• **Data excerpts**
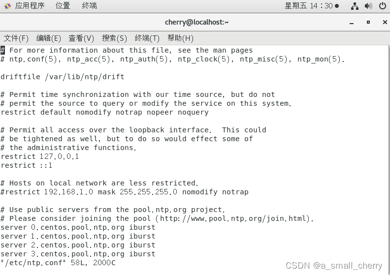 2执行命令sudo%20vi%20/etc/ntp.conf打开并编辑NTP服务配置文件。
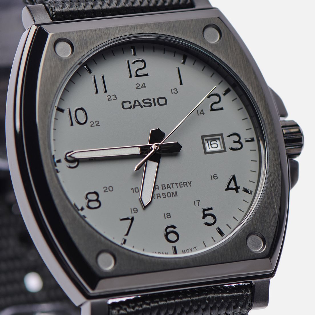 Стильная и лаконичная модель конца 2022 года из серии CASIO CLASSIC в харизматичном стальном бочкообразном корпусе черного цвета с серым стелс-циферблатом, покрытым прочным минеральным стеклом, станет прекрасным выбором в качестве модели на каждый день или аксессуаром, который будет приковывать к себе взгляды окружающих, гармонично дополняя собой тот или иной образ.
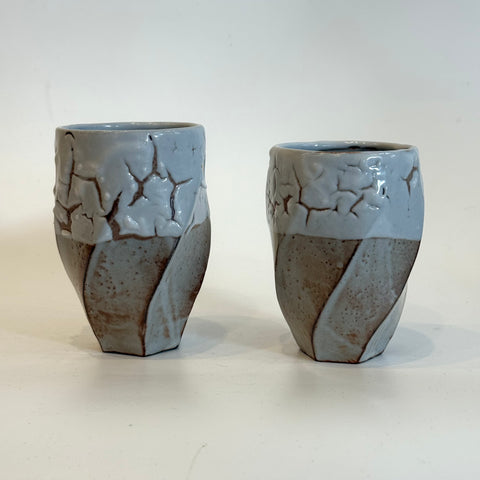 Twist faceted cups in a shino glaze by Terunobu Hirata.
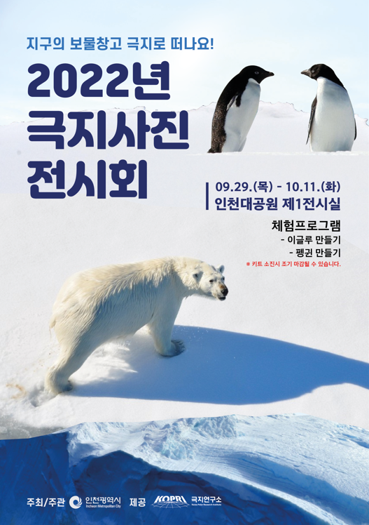 [충청뉴스큐] 인천광역시는 ‘2022년 극지 사진전 및 체험행사’를 오는 9월 29일부터 10월 11일까지 인천대공원 전시실에서 개최한다고 밝혔다.
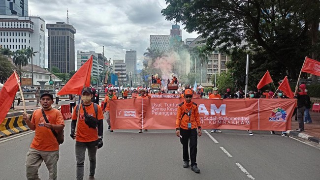 "Usut tuntas semua kasus pelanggaran HAM yang sudah direkomendasikan oleh Komnas HAM," demikian tertulis dalam spanduk protes yang dibawa buruh.
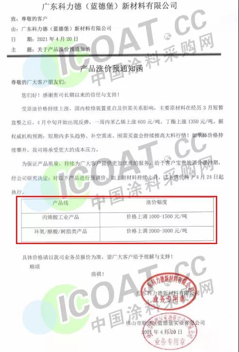 广东科力德(蓝德堡)新材料有限公司发函,称丙烯酸工业产品价格上调1000-1500元/吨,环氧/醇酸/树脂类产品价格上调2000-3000元/吨。
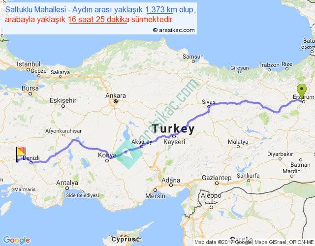 Saltuklu Mahallesi - Aydın arası yaklaşık olarak 90 km/h ile yukarıda belirtilen sürede olup, iki yerin kuş uçuşu uzaklığı (mesafesi) 1117'dir. Eğer belirtilen yerler arasında uçak seferi var ise bu süre uçakla 1 saat 43 dakika'ya kadar düşebilir. Yolculuk otobüsle 21 saat 20 dakika sürmektedir.

• **DIRECTIONS**
Take the line containing "广东科力德(蓝德堡)新材料有" as the first line and the last line of the data above as the final one, and output exactly the lines between them, inclusive, with no pictures.

• **ANSWER BOX**
 广东科力德(蓝德堡)新材料有限公司发函,称丙烯酸工业产品价格上调1000-1500元/吨,环氧/醇酸/树脂类产品价格上调2000-3000元/吨。
 Saltuklu Mahallesi - Aydın arası yaklaşık olarak 90 km/h ile yukarıda belirtilen sürede olup, iki yerin kuş uçuşu uzaklığı (mesafesi) 1117'dir. Eğer belirtilen yerler arasında uçak seferi var ise bu süre uçakla 1 saat 43 dakika'ya kadar düşebilir. Yolculuk otobüsle 21 saat 20 dakika sürmektedir.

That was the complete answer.